The Lebanese currency has lost value, the official unemployment rate is at 66%, and consumer goods have seen an almost 500% increase in price, leading to an unstable banking system. The Beirut port explosion, which rocked the country and dominated world headlines in August 2020, destroyed over 19,000 business and left 300,000 people homeless.

“This has been a really difficult time, and everyone we’re ministering to is experiencing it,” Matt says. “People that are really committed to planting churches and seeing evangelism go and grow, they’re faced with these practical life issues.”

When you add a seismic demographic shift to this political unrest, the situation becomes precarious. In 2014, 70% of Lebanon’s population was culturally Christian, with a minority Muslim population. After the Syrian Civil War, Lebanon took in 2.5 million refugees into a country with a population of 3 million. Most of them are Muslim.

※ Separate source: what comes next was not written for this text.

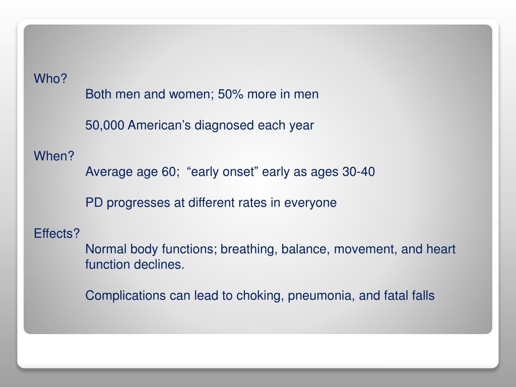 Who? Both men and women; 50% more in men 50,000 American’s diagnosed each year When? Average age 60; “early onset” early as ages 30-40 PD progresses at different rates in everyone Effects? Normal body functions; breathing, balance, movement, and heart function declines. Complications can lead to choking, pneumonia, and fatal falls

“That’s analogous to something like 215 million Muslims coming into the United States in ten months,” Matt says. “Everything has changed.”

So, yes. There are certainly challenges. But Matt and Julie remain optimistic, confident in the calling they received and confident in the growth they’ve been seeing. Since arriving, they’ve assisted in three different church plants, and their primary ministry, Go Church Beirut, has successfully launched—even after the challenges of COVID-19.

There are certainly challenges. But Matt and Julie remain optimistic, confident in the calling they received and confident in the growth they’ve been seeing.

“We had 38,000 people watch a 53-minute message on Easter that was super evangelistic and had a really strong altar call,” Matt says.

Even still, the couple isn’t concerned with their own goals—they’re working hard to equip others to lead.

“We’re working to become as useless as possible, as fast as possible,” Matt says.

When asked what the future holds, the Hattabaughs smile. The look they exchange speaks to a clear satisfaction in their work, a soul-deep conviction that Lebanon is home now.

“We are in Beirut, Lebanon, until [it] ends,” Julie says confidently. “When the Lord tells us to leave Beirut, our heart’s desire is to go to the next thing and do the same thing again.”

Matt paints it even more starkly: “In World War II, when you signed up, you signed up for the duration of the war, plus six months,” he says. “Our time in Lebanon is the duration plus six months.”